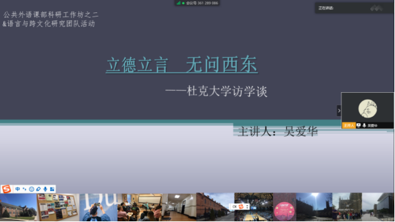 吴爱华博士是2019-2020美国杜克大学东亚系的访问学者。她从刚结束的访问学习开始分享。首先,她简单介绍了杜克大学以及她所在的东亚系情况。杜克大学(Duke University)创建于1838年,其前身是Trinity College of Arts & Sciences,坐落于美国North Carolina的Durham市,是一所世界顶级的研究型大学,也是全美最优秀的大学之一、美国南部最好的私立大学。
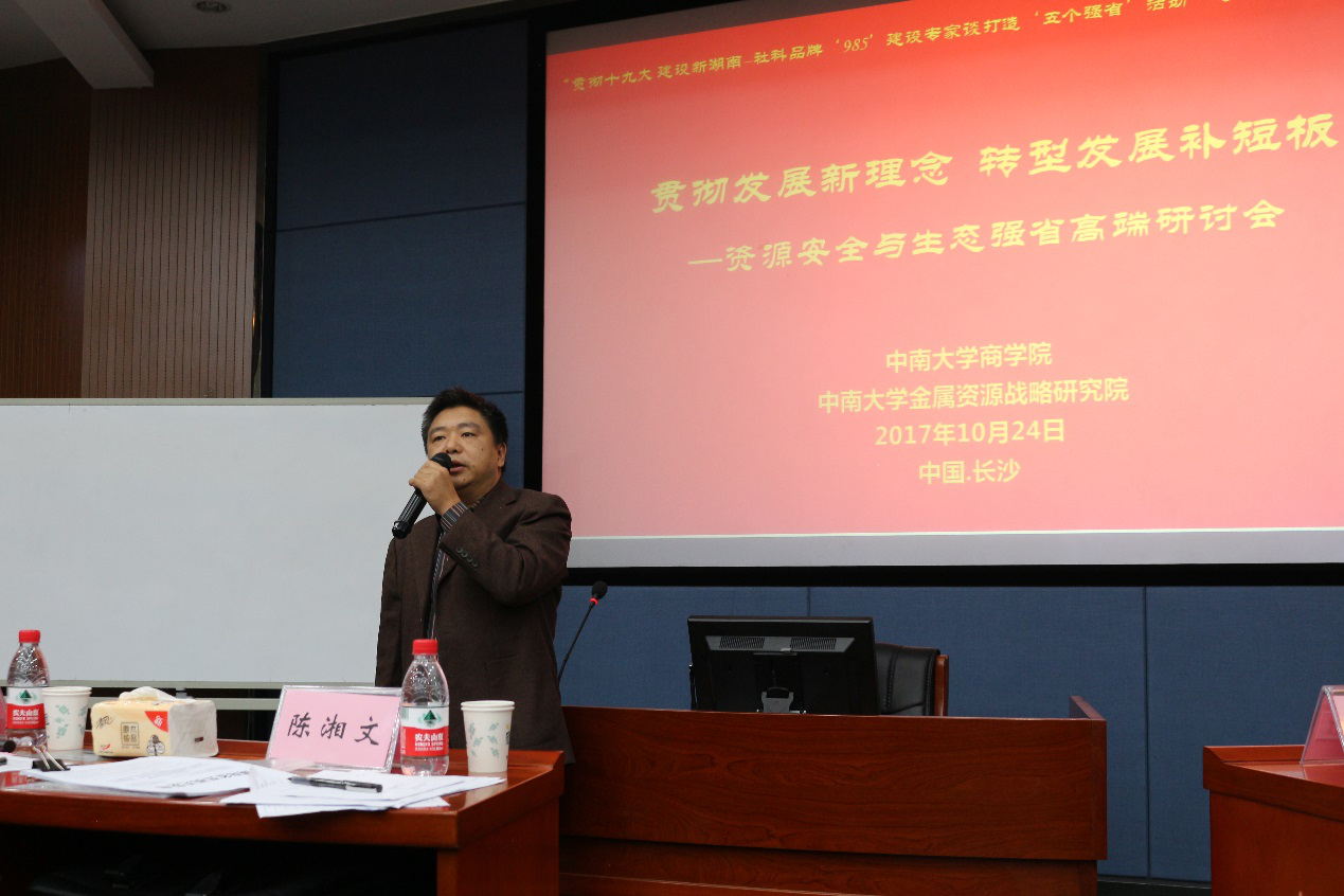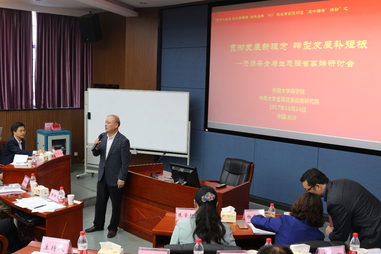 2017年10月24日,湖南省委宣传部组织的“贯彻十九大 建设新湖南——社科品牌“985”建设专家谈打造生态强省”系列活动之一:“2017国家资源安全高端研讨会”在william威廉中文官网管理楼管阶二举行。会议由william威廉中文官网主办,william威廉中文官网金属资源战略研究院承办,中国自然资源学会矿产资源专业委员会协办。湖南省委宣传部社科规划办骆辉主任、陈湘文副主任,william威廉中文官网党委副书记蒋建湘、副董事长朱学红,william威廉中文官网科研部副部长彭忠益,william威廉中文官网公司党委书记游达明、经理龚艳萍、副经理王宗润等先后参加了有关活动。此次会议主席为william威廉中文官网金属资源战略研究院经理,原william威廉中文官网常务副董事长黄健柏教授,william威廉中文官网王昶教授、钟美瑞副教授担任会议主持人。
* * *
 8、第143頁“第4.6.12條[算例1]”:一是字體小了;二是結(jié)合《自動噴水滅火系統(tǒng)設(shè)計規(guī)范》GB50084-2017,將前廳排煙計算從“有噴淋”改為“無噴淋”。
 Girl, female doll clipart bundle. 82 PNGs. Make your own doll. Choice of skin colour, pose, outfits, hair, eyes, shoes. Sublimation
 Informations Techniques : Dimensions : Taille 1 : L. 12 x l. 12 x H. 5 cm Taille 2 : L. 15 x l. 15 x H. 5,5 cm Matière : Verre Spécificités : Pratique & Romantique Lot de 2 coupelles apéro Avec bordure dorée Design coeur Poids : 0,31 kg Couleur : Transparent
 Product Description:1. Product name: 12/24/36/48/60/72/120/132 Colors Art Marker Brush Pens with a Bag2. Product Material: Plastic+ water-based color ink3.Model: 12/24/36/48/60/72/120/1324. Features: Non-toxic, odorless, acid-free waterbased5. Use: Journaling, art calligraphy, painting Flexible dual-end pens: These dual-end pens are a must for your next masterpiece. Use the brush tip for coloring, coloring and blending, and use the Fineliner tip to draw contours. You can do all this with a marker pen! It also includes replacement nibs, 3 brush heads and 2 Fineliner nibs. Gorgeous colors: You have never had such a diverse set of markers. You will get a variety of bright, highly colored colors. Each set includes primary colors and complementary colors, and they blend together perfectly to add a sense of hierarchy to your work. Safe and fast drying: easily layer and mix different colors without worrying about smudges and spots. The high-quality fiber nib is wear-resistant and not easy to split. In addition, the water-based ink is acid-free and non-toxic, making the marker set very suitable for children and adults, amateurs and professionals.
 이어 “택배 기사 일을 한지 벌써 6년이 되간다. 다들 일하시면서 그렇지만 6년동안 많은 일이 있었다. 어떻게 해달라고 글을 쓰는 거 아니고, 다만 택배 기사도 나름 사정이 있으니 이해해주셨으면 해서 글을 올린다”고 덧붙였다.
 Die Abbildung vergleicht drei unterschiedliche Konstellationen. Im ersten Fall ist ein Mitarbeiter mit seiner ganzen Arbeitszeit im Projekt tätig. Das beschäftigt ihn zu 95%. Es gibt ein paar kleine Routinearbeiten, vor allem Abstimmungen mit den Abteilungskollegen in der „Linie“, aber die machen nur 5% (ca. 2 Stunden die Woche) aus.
--
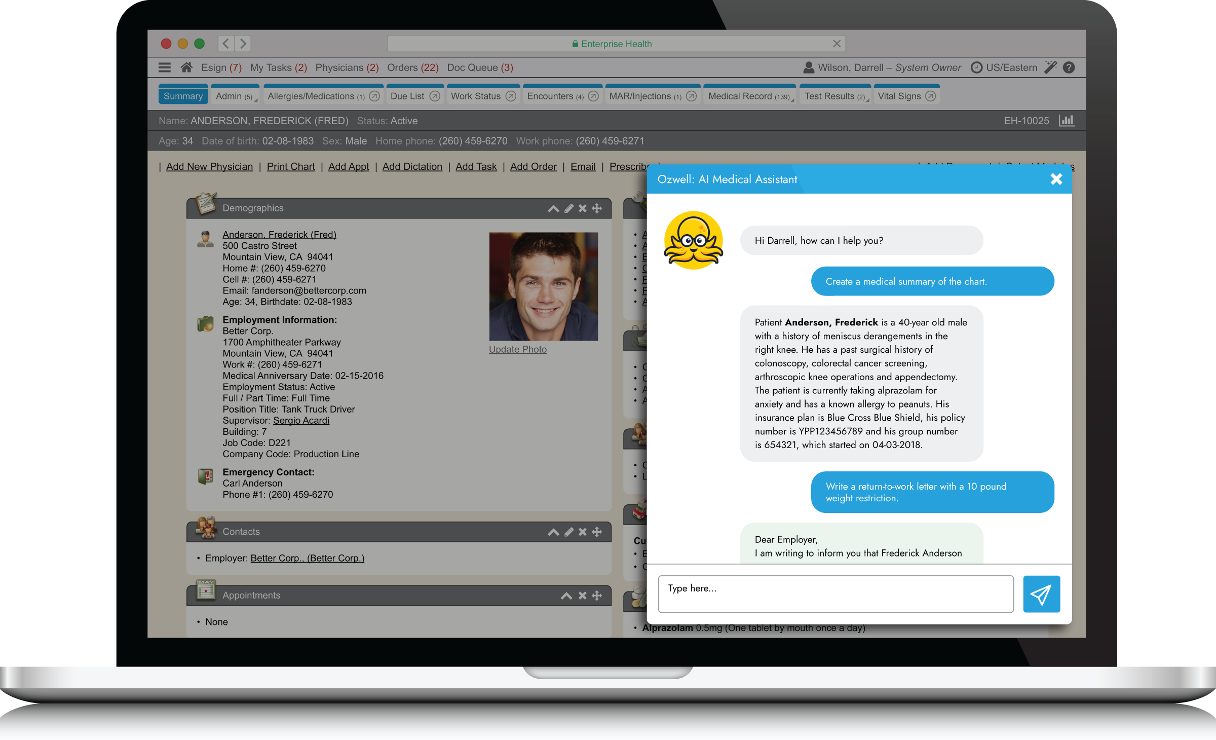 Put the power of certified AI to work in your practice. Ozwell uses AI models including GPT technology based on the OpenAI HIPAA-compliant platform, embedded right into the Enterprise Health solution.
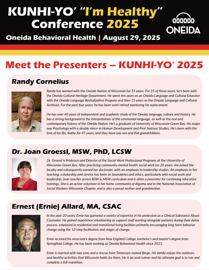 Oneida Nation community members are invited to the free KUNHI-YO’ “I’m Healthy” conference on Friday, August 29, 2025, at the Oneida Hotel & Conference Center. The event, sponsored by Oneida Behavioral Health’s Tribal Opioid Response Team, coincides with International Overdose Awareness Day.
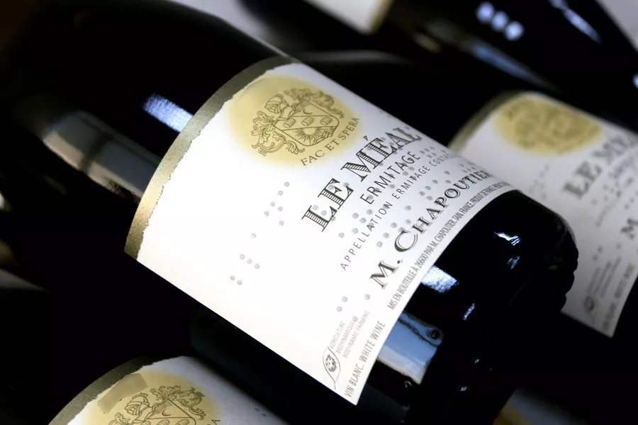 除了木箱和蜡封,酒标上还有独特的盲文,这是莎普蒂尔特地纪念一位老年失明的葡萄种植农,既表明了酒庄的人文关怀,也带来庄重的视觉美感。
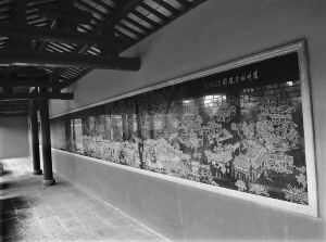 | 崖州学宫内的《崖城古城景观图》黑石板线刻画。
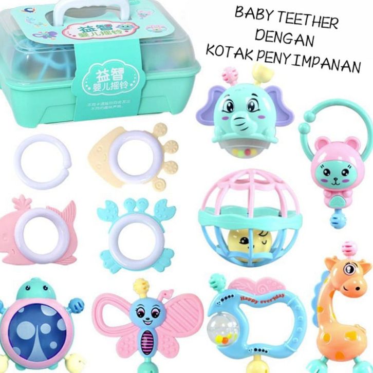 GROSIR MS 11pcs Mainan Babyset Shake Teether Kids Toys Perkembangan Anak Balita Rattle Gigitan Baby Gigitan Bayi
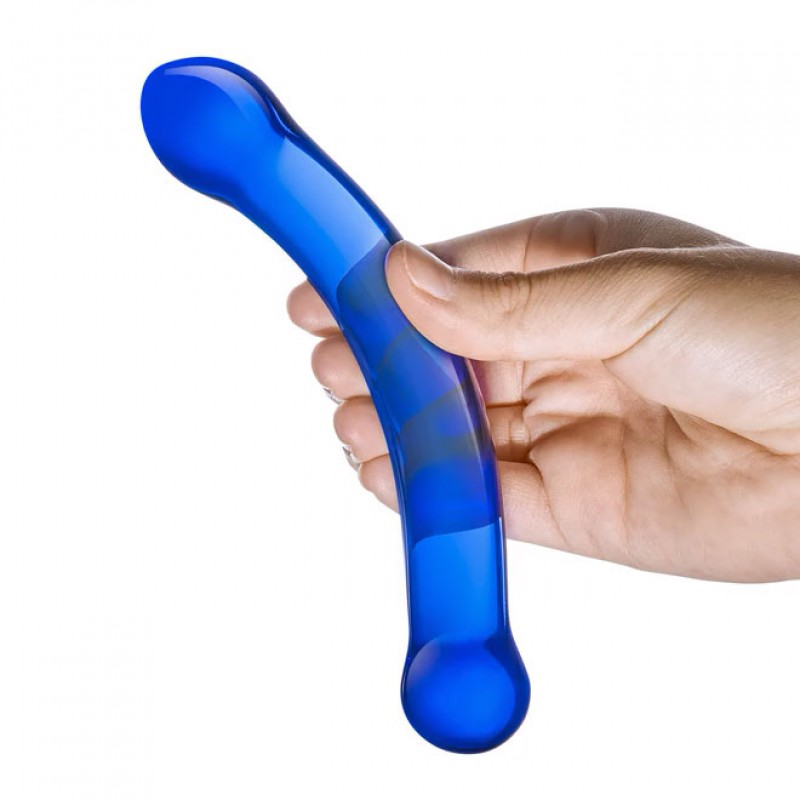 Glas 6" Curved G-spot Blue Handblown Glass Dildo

=== TASK REQUIREMENTS ===
In the listing above, find the line with "Oneida Nation community" and the line with "Handblown Glass Dildo". Copy exactly those lines and all between them, minus the images.

=== RESULT ===
 Oneida Nation community members are invited to the free KUNHI-YO’ “I’m Healthy” conference on Friday, August 29, 2025, at the Oneida Hotel & Conference Center. The event, sponsored by Oneida Behavioral Health’s Tribal Opioid Response Team, coincides with International Overdose Awareness Day.
 除了木箱和蜡封,酒标上还有独特的盲文,这是莎普蒂尔特地纪念一位老年失明的葡萄种植农,既表明了酒庄的人文关怀,也带来庄重的视觉美感。
 | 崖州学宫内的《崖城古城景观图》黑石板线刻画。
 GROSIR MS 11pcs Mainan Babyset Shake Teether Kids Toys Perkembangan Anak Balita Rattle Gigitan Baby Gigitan Bayi
 Glas 6" Curved G-spot Blue Handblown Glass Dildo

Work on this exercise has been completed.